Exercise prompt:
When you reach the line containing "Chalés - Salas de Aula", start transcribing exactly and continue through the last line of the data, skipping every picture.

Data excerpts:
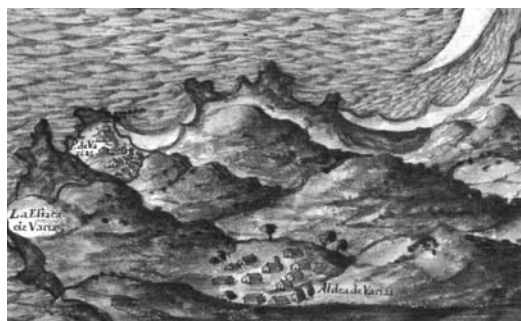
Figura 2 Detalle de la lámina correspondiente a las rías de O Barqueiro y Viveiro en la que se representa el Coído de Bares. (Texeira Albernas, P. [1634] 2002)

La primera representación gráfica del Coído de Bares se remonta al año 1634. Pedro Texeira Albernas, en su obra cartográfica «La descripción de España y de las costas y puertos de sus reinos», lo dibuja esquemáticamente como una alineación de escollera redondeada (fig. 2). Desde entonces, con mayor o menor detalle, en planos y cartas náuticas el dique ha sido representado como una acumulación de bolos que abriga el puerto de Bares.
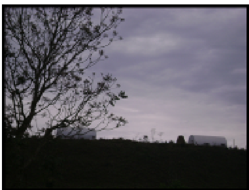
Chalés - Salas de Aula
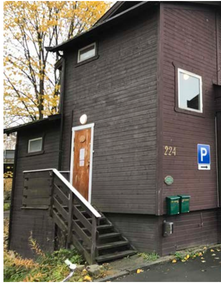
Varmestua i Asker
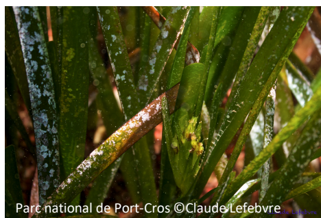
Posidonie Posidonia oceanica
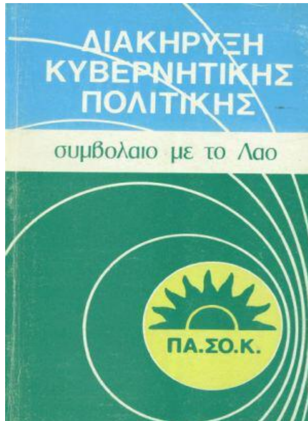
Halkla Sözleşme, 1981
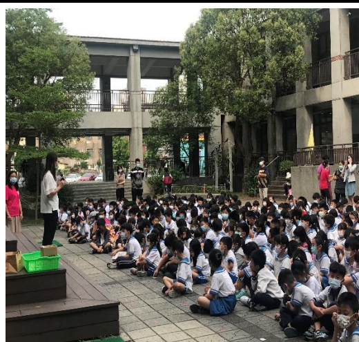
護理師對全校師生做視力衛教宣導
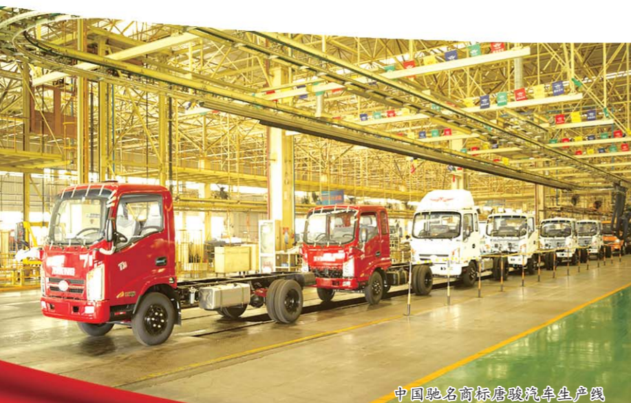
中国驰名商标骏骏汽车生产线
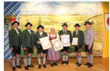
HEIMAT- & TRACHTENVEREIN

Response to the exercise:
Chalés - Salas de Aula
Varmestua i Asker
Posidonie Posidonia oceanica
Halkla Sözleşme, 1981
護理師對全校師生做視力衛教宣導
中国驰名商标骏骏汽车生产线
HEIMAT- & TRACHTENVEREIN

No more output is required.